MaxBorn22 · Answer 3 · Sat Mar 02 2024 00:47:26 GMT+0800 (China Standard Time)

Thank You both,

seems that all these popular pdf-extractors are using some version of the incomplete pdfjs-dist-package.

get isIdentityCMap() {
    if (!(this.name === "Identity-H" || this.name === "Identity-V")) {
      return false;
    }

// A special case of CMap, where the _map array implicitly has a length of
// 65536 and each element is equal to its index.
class IdentityCMap extends CMap {
  constructor(vertical, n) {
    super();

    this.vertical = vertical;
    this.addCodespaceRange(n, 0, 0xffff);
  }

pdf.js/src/core
/cmap.js

pubpub-zz · Answer 4 · Sat Mar 02 2024 01:00:16 GMT+0800 (China Standard Time)

"Identity-H" / "Identity-V" is just an internal translation to get characters. You still need ToUnicode CMap.
I propose to close this issue

Stefan · Answer 5 · Sat Mar 02 2024 01:08:28 GMT+0800 (China Standard Time)

seems that all these popular pdf-extractors are using some version of the incomplete pdfjs-dist-package.

This is just wrong. pdf.js is the PDF renderer of Firefox. Poppler is a C++ library for working with PDF files and more or less the default backend for lots of free standalone PDF viewers. Chrome uses pdfium, another library.

You are always invited to clarify your issue or even propose a corresponding PR to fix possible issues within pypdf. For now, it seems like your PDF uses some rather strange edge case multiple "standard" tools are not able to handle correctly.

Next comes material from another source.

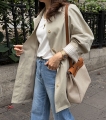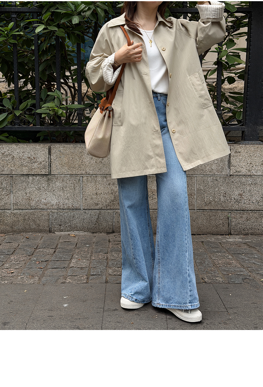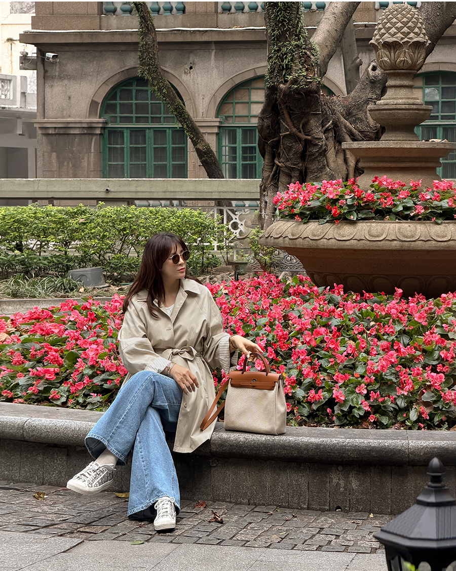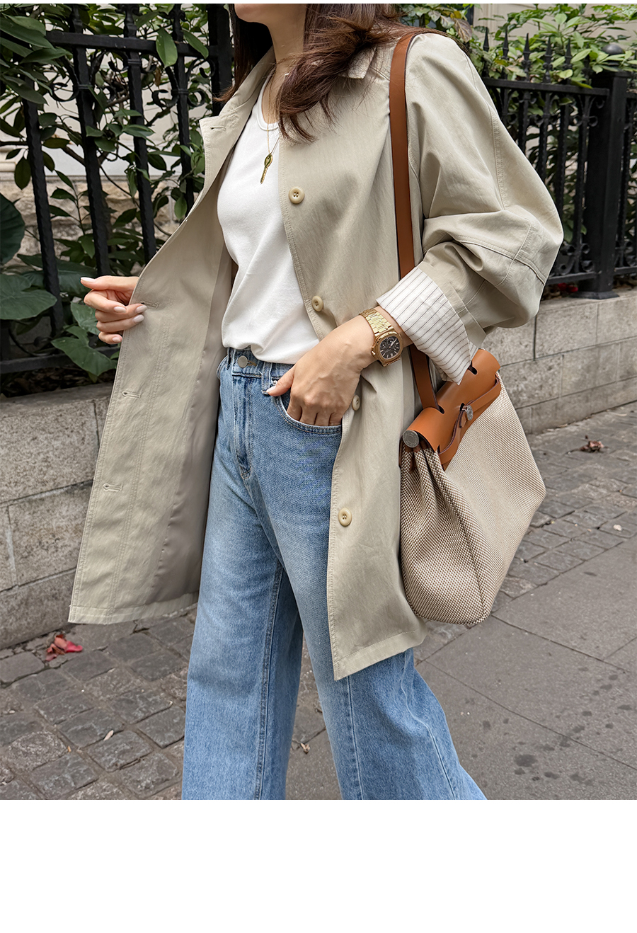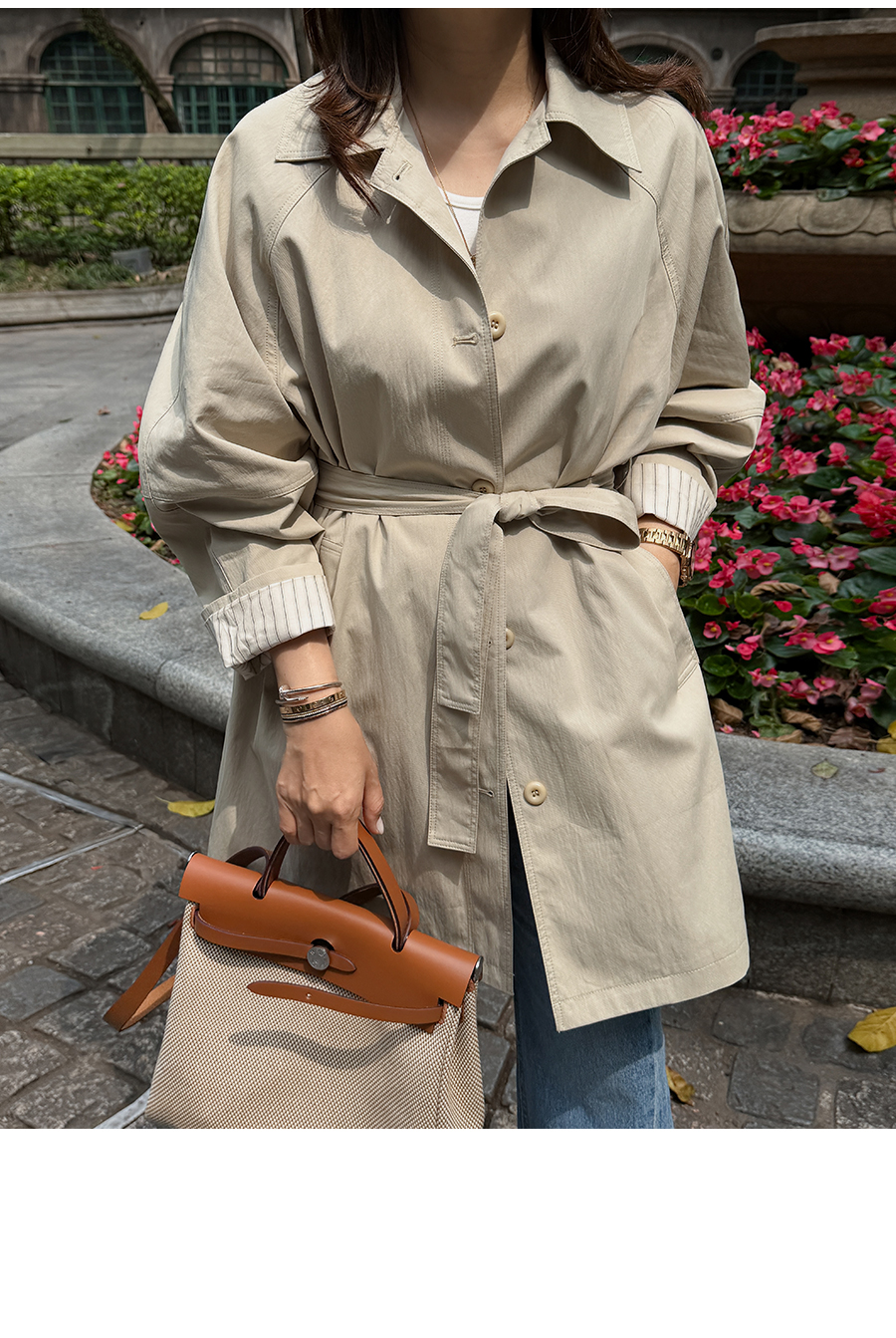 소매 스트라이프 배색으로 포인트를 준 세련된 하프 트렌치

MaxBorn22 · Answer 6 · Sat Mar 02 2024 16:39:24 GMT+0800 (China Standard Time)

Stefan,
no strange things involved here: If you ever would have taken some view insight the meta data of the file provided: There you might have seen the producer.
There is a significant difference between pdf.js and [pdfjs-dist , pdf2son]. Only pdf.js does the correct handling of identity-maps.

Stefan · Answer 7 · Sat Mar 02 2024 17:02:05 GMT+0800 (China Standard Time)

no strange things involved here: If you ever would have taken some view insight the meta data of the file provided: There you might have seen the producer.

I have seen that the producer is marked as "Microsoft Print to PDF" already, but this does not change anything about my previous comments.

There is a significant difference between pdf.js and [pdfjs-dist , pdf2son]. Only pdf.js does the correct handling of identity-maps.

pdf.js and the other projects are in no way related to pypdf - except that they are PDF libraries as well.

I am going to close this issue for now as most pdf.js is out of scope here and I do not see any real progress in the discussions. If you have some more insights which actually are correct and not about pdf.js, feel free to drop a comment and we might decide to re-open this issue. Besides this, you are always invited to provide a corresponding fix to pypdf by creating an appropriate PR - this is what FOSS is about.